Now Reading
India fights HIV with Valentine’s Day march at gay cruising spot

India fights HIV with Valentine’s Day march at gay cruising spot

India fights HIV with Valentine's Day march | Emma Goswell

‘Many people have asked me,’ India’s only gay prince says, ‘are the government not themselves criminals?’

This is Prince Manvendra Singh, the country’s only out and open royal who is working to help the LGBTI community.

‘The government is supporting you financially, knowing you spend their money solely on men who have sex with men,’ the prince adds.

‘I feel the government doesn’t have any sympathy with us. They are only concerned with getting HIV rates down – and the only way they can do that is to involve the community.’

India must fight HIV (even if it means supporting LGBTI people)

Having set up the Lakshya Trust, the prince and numerous volunteers are working to give out thousands of condoms and help provide support to people who are HIV positive.

Around two million Indians are HIV positive.

Today, on Valentine’s Day, dozens of people marched through the city of Vadodara in Gujarat state for a HIV awareness march.

Carrying banners promoting safe sex to gay and bi men, they gave out condoms.

A reminder: in India gay sex is still illegal.

Valentine’s Day march

The Valentine’s Day march included around 60 people, many of which concealed their faces so as not to be identified.

Today’s march went from Sayaji Baug park to the public toilets at the main bus station – which is the main cruising site in the city.

Two men are arrested here every week for engaging in gay sex.

Men will travel from rural areas as well as all over the city to hook up and have sex around this spot.

It’s also frequented by sex workers and thieves – but I’m told that gay men who are victims of any sort of crime at a cruising spot will never report it to the police for fear of being discovered to be homosexual.

Living in secret

I spoke to Munba – a 29-year-old gay man living in Vadodara with HIV. He’s not just hidden his HIV status to his family for a decade – he’s hidden the fact he’s gay too.

Almost half of the gay men I’ve met this week in India are married to women and have children.
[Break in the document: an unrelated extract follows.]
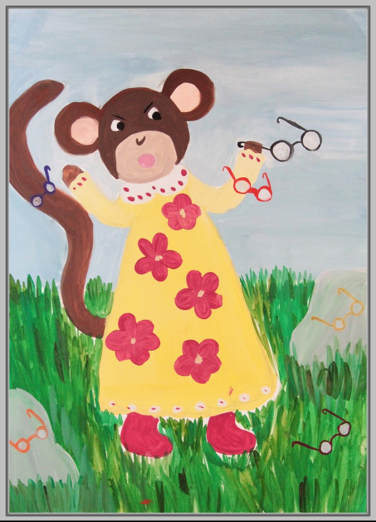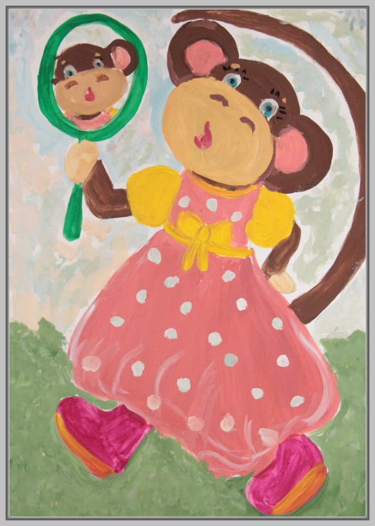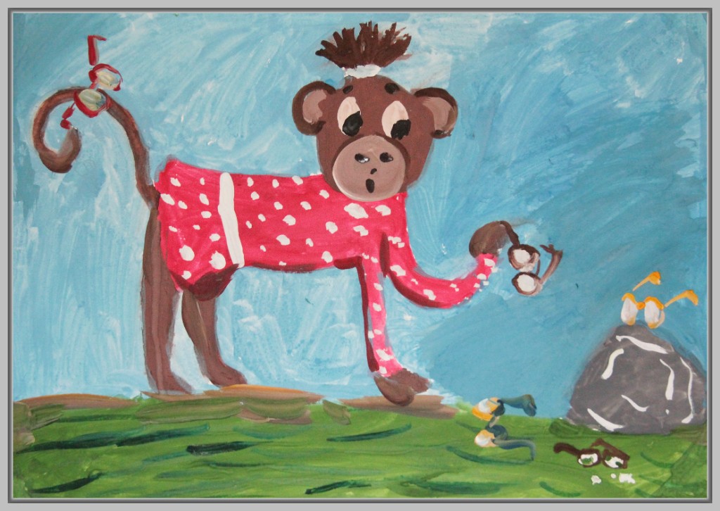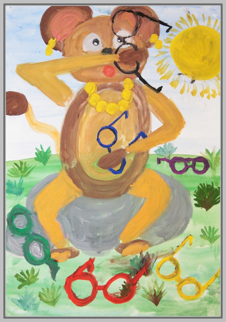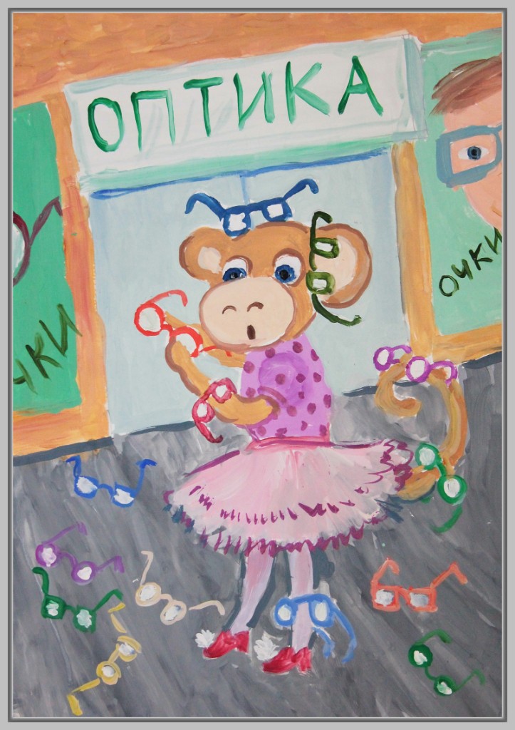 В работах к этой басне можно увидеть комический подход: мартышка примеряет очки разными способами, пытается носить их на хвосте, лапе, голове. Здесь важна мимика, жесты, игра с деталями. Некоторые юные художники изображают целую серию кадров, чтобы передать развитие ситуации.

Munba is no exception.

But he’s leading two double lives – a double life as a gay or bisexual man and a double life of someone who is HIV positive.
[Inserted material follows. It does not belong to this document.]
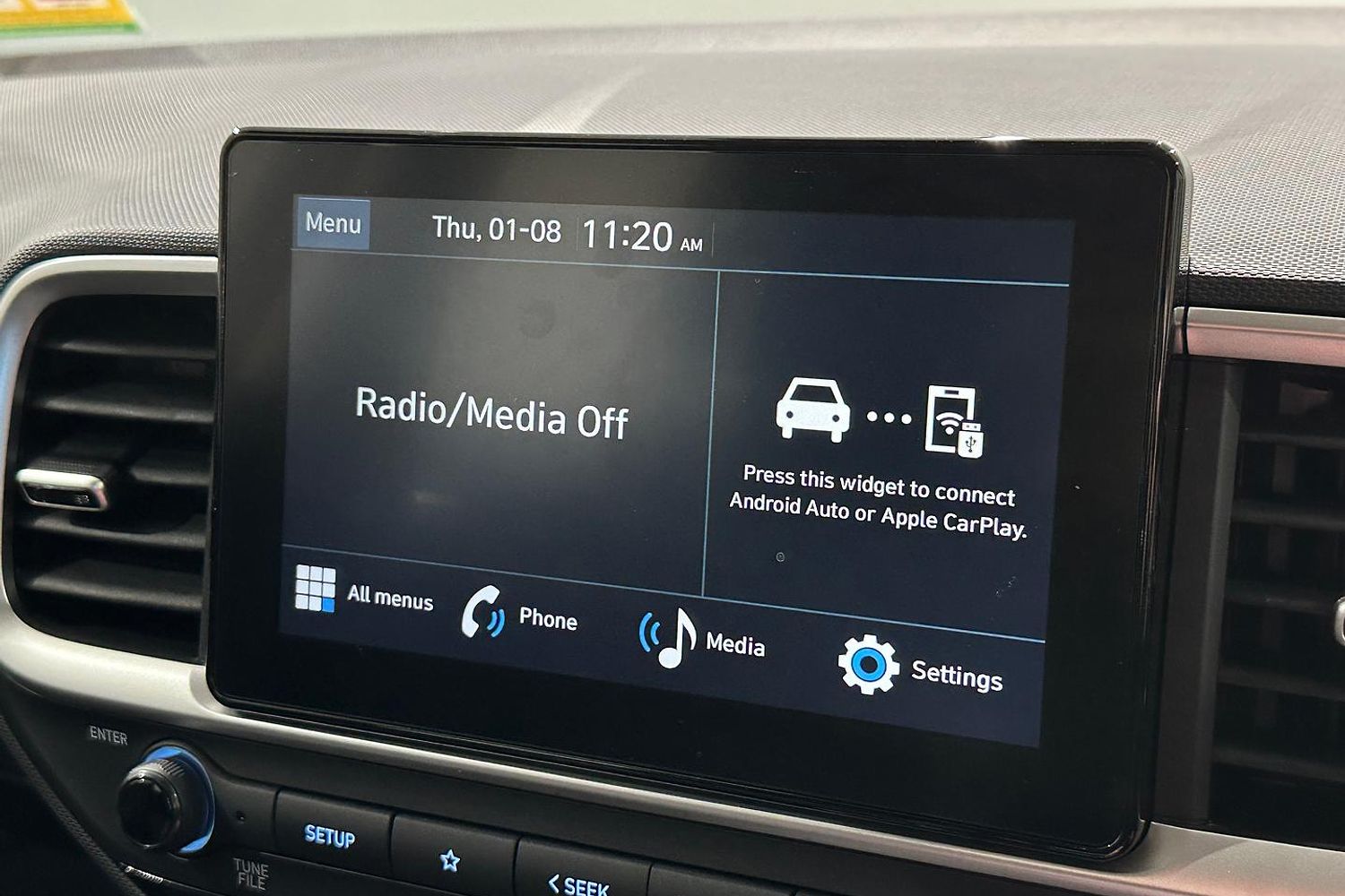 The infotainment system is centered around a large touchscreen display, which includes Apple CarPlay and Android Auto compatibility, ensuring seamless connectivity for your smartphone. The Venue also offers a range of tech features, including a rearview camera, Bluetooth connectivity, and multiple USB ports, making it a well-equipped vehicle for its class.

His wife still does not understand why he insists on using condoms.

Gay man married to wife in India: ‘I did consider suicide.’
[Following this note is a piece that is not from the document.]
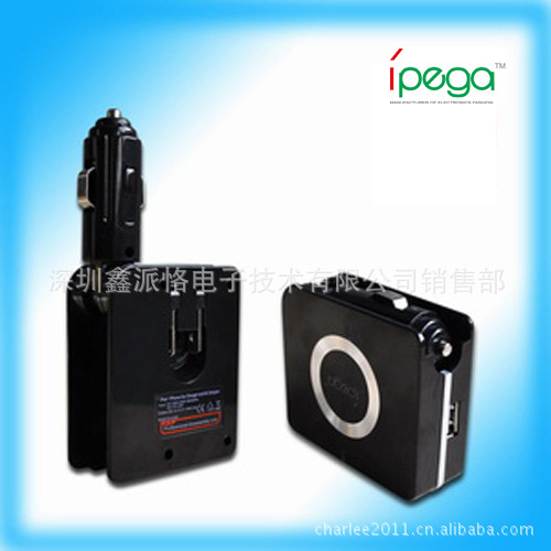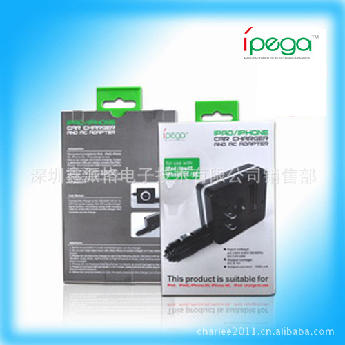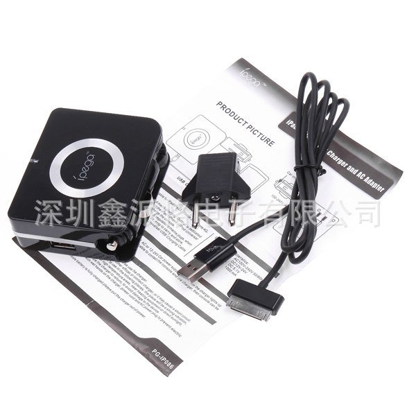 本产品适用于ipad,ipad2,ipone3G,ipone4G及ipod主机充电使用,具备车充及市电充电功能,输出端口为专用USB接口,只需连接ipad/iphone/ipod通用USB充电线即可为主机充电。 采用可旋转车充插头及美规市电插头,在不用时可收入放置槽内,便于携带和储存。

‘When I found out I was HIV positive I did consider suicide,’ he said.

‘I felt like it was the end of my life and there was no hope. I feel terribly guilty about it. And I feel incredibly guilty for not telling my wife.’

He’s in good health. However, the government is slow to provide financial support and the money can be three months late.

HIV positive people get free travel to hospital appointments, 500 rupees a month ($8, 6) to spend on food and a discount on all public transport.

Terrified to come out as HIV positive

Many people are still afraid to come out as HIV positive – for good reason.

I was told of one case where (despite it being illegal) a man was fired from his job as his colleagues looked in his bag and found his HIV drugs and reported him to management.

HIV positive children are banned from sitting with or playing with other children at school.

A decade on from Munba’s positive test result he’s now considering coming out about his status.

He told me: ‘The time has come for me to talk to my wife and to my family. I do feel like society is changing and I’ll be able to have that conversation soon. I’d like to be a role model now for others.